## [WHAT THE TASK REQUIRES]
Verbatim reproduction of the entries is required; images must be omitted.

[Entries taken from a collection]

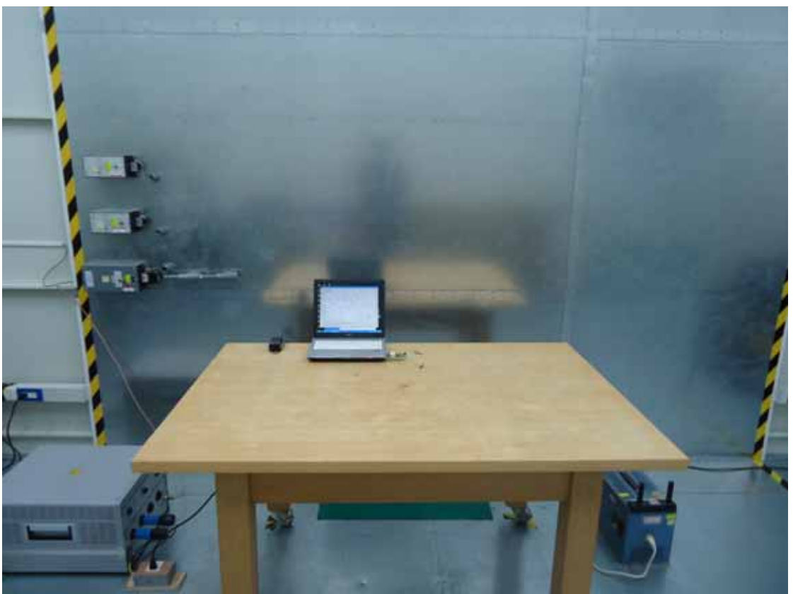
FRONT VIEW OF CONDUCTED MEASUREMENT

10.1.Photos of Conducted Disturbance Measurement
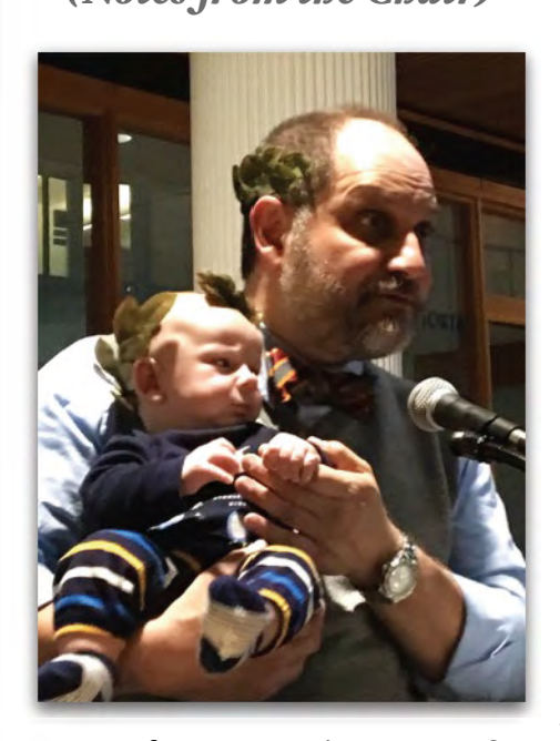
Sign of a growing department? The 2016 Homerathon had its
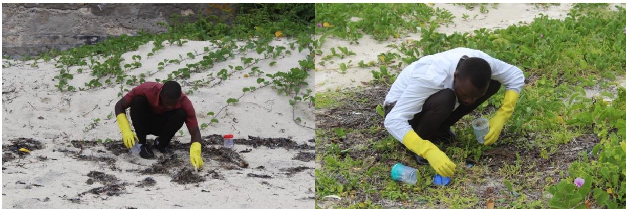
Figure 7 showing field personnel from CJGEA collecting the samples at Baobab beach
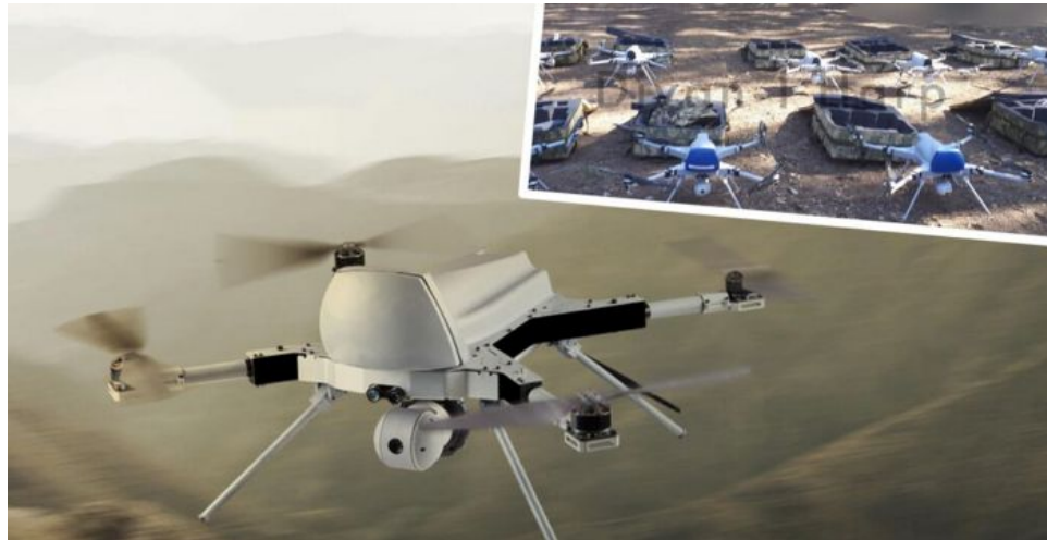
The Turkish Army has deployed 500 plus Kargu swarming drone systems for kinetic attack
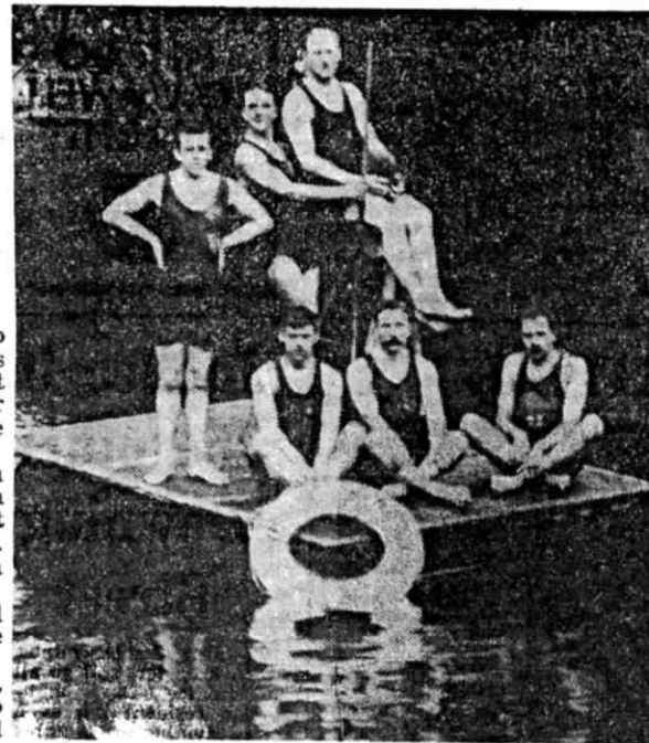
The pool was being re-open-

Chippenham Town Band attended and everyone must have had a good time, for the refreshments ordered by the
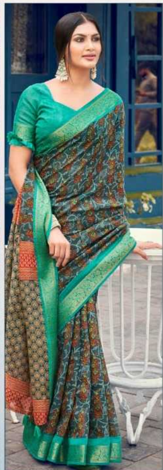
D.NO - 73008

## [TASK ANSWER]
FRONT VIEW OF CONDUCTED MEASUREMENT

10.1.Photos of Conducted Disturbance Measurement
Sign of a growing department? The 2016 Homerathon had its
Figure 7 showing field personnel from CJGEA collecting the samples at Baobab beach
The Turkish Army has deployed 500 plus Kargu swarming drone systems for kinetic attack
The pool was being re-open-

Chippenham Town Band attended and everyone must have had a good time, for the refreshments ordered by the
D.NO - 73008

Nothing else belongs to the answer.